May 20, 2012

China: Day 2

Today, I found out what true jet lag is. Even though we stayed up until well past natural (US) sleeping time, the Blau's were all awake at around 3:30. We watched some Chinese television with English subtitles (maybe this contributes to the reason I love Korean TV), but no matter how boring the show was, we couldn't fall asleep. Finally, dad tapped on our door and suggested since we were awake, we should go on an adventure.

So we did. Well, we adventured as far as I was comfortable, and that was just across the street. We went to the only open market and there was all kinds of junk that we could have bought there. It was really incredible actually, but we really only needed water to brush our teeth. So, after choosing the cheapest brand, we began to leave, much to the dismay of the shop owner. Apparently he wanted a picture of Savannah and I! Us white folk are apparently a hot commodity in China. So we gracefully obliged and went on our way, hopefully to fall back asleep in the hotel room.

Sleep was not to come for the rest of the morning. It was Sunday, so there was church ... in ommunist-cay ina-chey. (When we said anything to the tune of Communist China, we made sure to speak in pig-Latin. I am now fluent.) Needless to say, the family was up and ready to go, sooner than I think we have ever been for good old church at 1 o'clock in the United States. We decided that we would try our hardest to attend church where ever we could in China, so we got to work finding the location of the nearest building. My dad circled the location on the map and we started to move out.

We conquered the subway on our way. The tickets were cheap, about 25 cents a ride, and it was decided that this would probably be the most efficient way to travel in the city. Since it was so early in the morning, and it was a Sunday, but there were a ton of people commuting to work. We looked at them in wonder, but their polite glances seemed to echo ours. I guess families don't often travel together in big groups like ours, with the one child policy and all that jazz. Although JoJo and Hyrum had some difficulty being smashed together, it was actually a pretty pleasant experience.
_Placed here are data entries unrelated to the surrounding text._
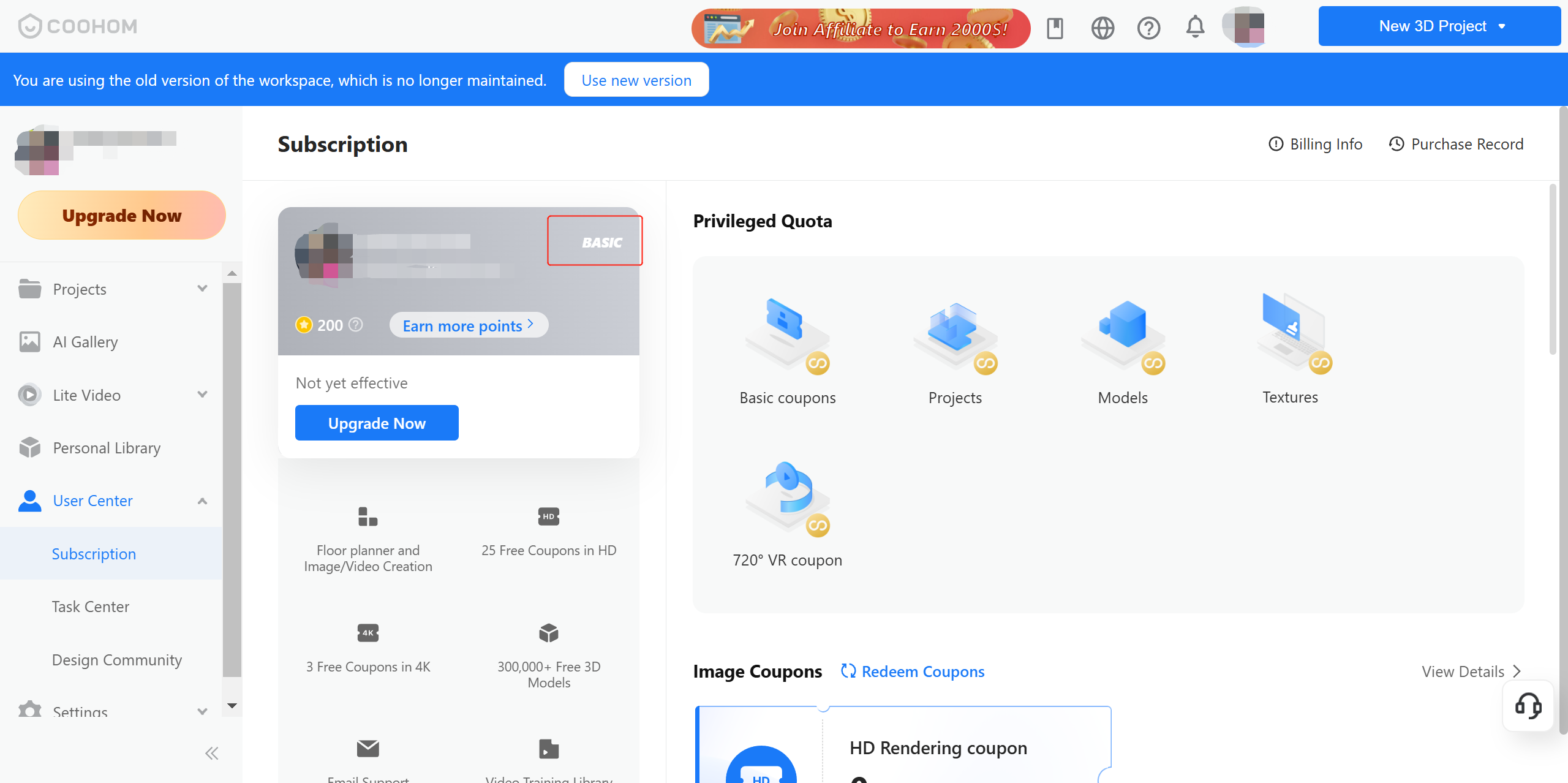 When you create a Coohom account using your email address, you automatically receive a Basic Account. This means that right from the start, you have access to a range of features that allow you to explore the platform and begin designing your spaces without any financial commitment.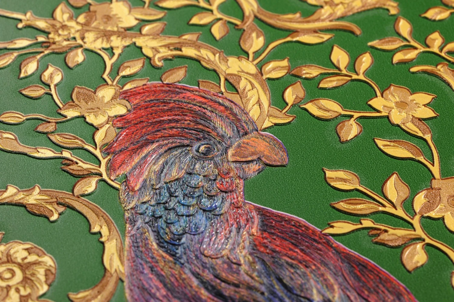 Versace entwirft mit diesem entzückenden Tapetendesign eine neobarocke Offenbarung an die Vogelwelt. Braun und Hellgelb verleihen den Ranken-Ornamenten zarten Goldschimmer, der die violetten Paradiesvögel einfängt. Der grüne Fond setzt einen markanten Kontrast. Die edle Designertapete mit fühlbarem Relief besitzt eine strapazierfähige und scheuerbeständige Vinyloberfläche.
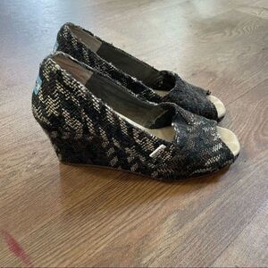 TOMS Wedge Peep Toe Sandals Womens Size W10Black Brown Tan Knit vintage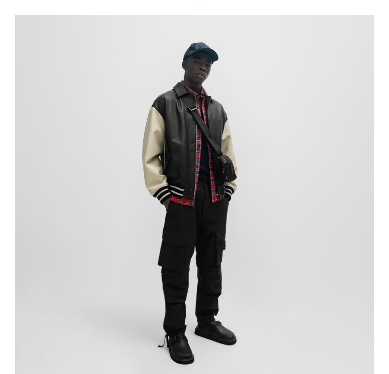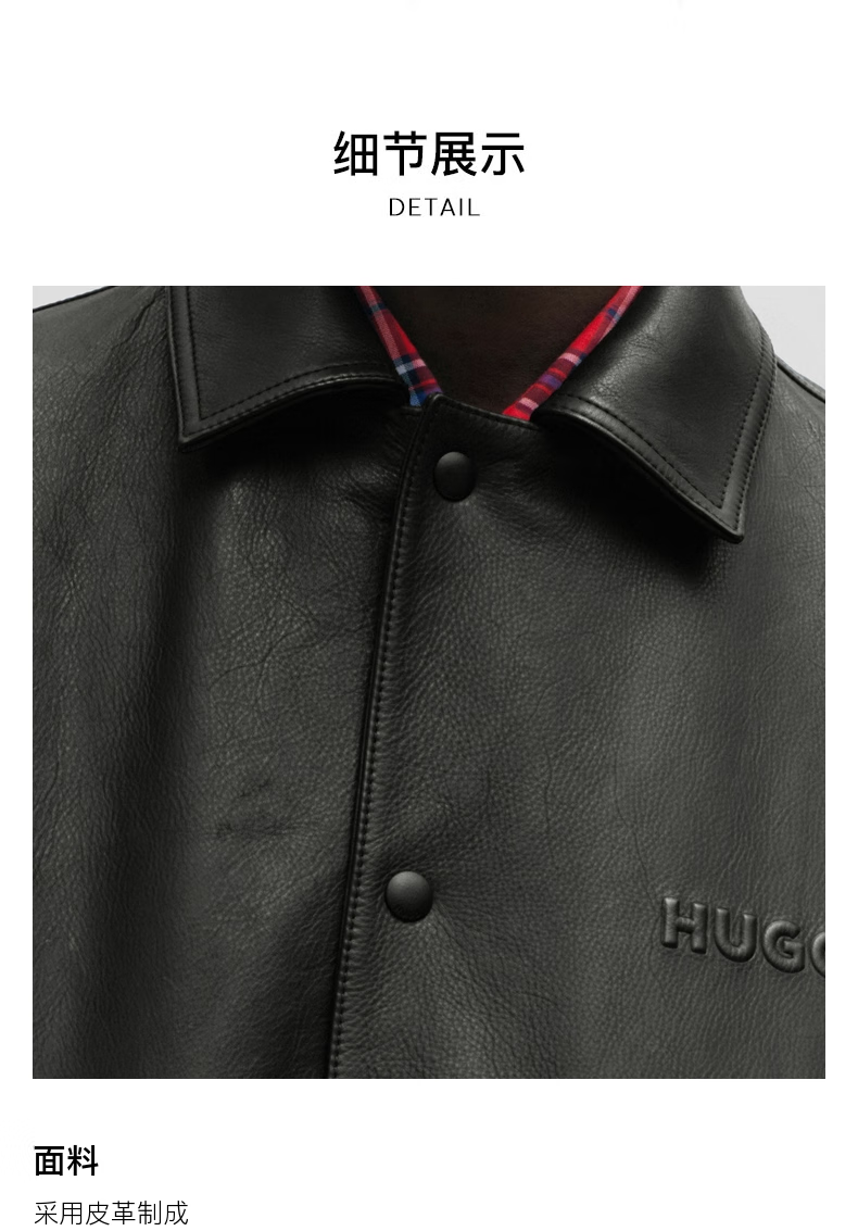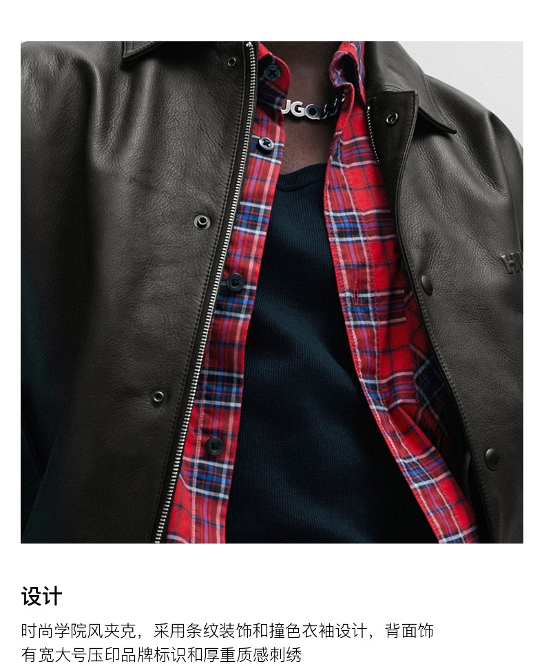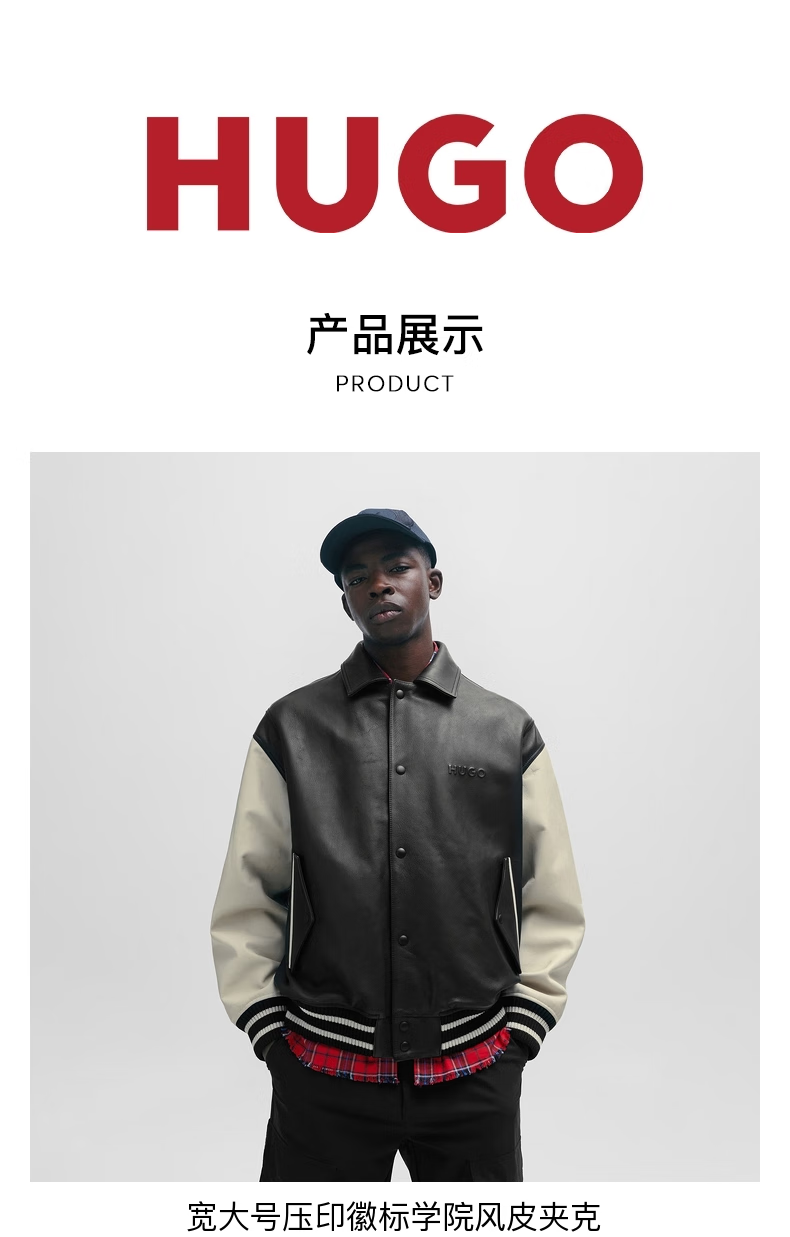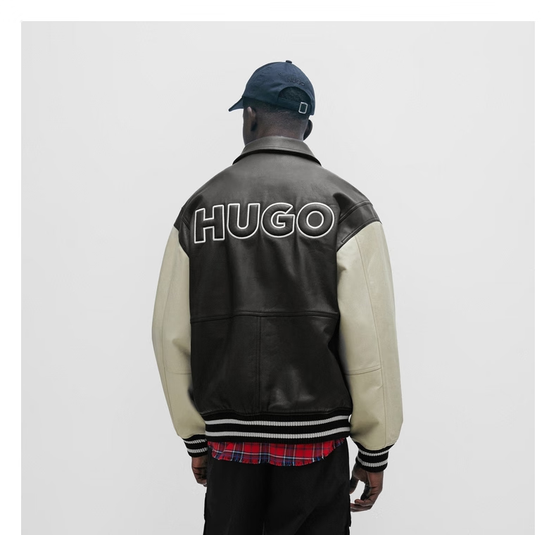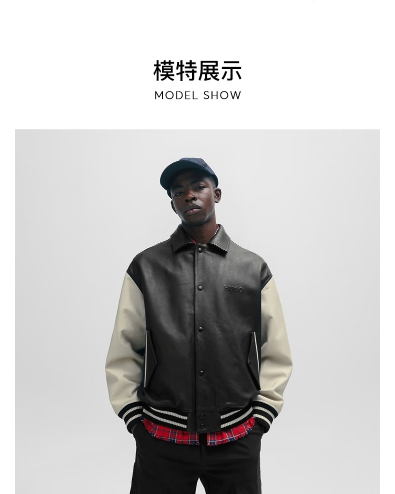 BOSS Daimaru Kalimaru same style 24 spring and summer new wide version college style casual leather jacket 001-Black S

Because we couldn't pronounce where we were going, it was rather difficult to get directions. My dad had a hilarious way of communicating with the people walking by, and eventually, with the help of the iPhone, we were able to make our way to the area where we thought the church would be. Unfortunately, all of the buildings were identical high rises, and we couldn't read the signs telling us simple things like the building numbers. After calling a member of the Branch presidency, we made our way into the building on a corner (DQ was the front store, and we made our way to a higher floor where they held meetings.

It was so comforting to be in a church building. It was also comforting to see the green hymn books and stray BoM's littering the chairs. I felt totally at ease with the building and the people. This week happened to be Fast and Testimony meeting. It was incredibly interesting to listen to all of the people that had either moved to China for embassy work or were just visiting. There was even one woman who was visiting from Sweden because of a golf tournament! But I felt the spirit whisper to me that even though this was so different to what I've been used to, it was the same Gospel. What a lovely thing to know.

The kids that were in the were kind of squirmy and ornery, maybe it was just the day, but we got through some pretty stellar lessons and then left.

Once again, there was an adventure to be had at every corner, so we hopped back on the subway and made our way to the hotel. Yellow line, blue line, red line. Two stops before the Tianenmen Square stop (which was only a few blocks from where we were staying) was Wangfujing, the biggest shopping strip in Beijing. We decided to stop and check out what the big hullabaloo was about, and hopped off of the subway. The streets were packed with people. There were stalls selling delicious steamed buns and dumplings and egg rolls that were to die for. Every time we took a picture, a line of Chinese tourists would line up behind my mom and take a picture of us as well. It was so fun, but I could feel that the lack of sleep was starting to wear on me. I quickly began to be drained of energy and the stores started to lose their wonder. I just wanted to sleep for a little bit and return, knowing that I would be fine after a little recharge.

Every one else was pretty tired as well, so we went back to the hotel by foot (we were pretty close to everything) and decided to meet in half an hour. After lying on the bed for thirty seconds, I fell asleep and didn't wake up for another 12 hours.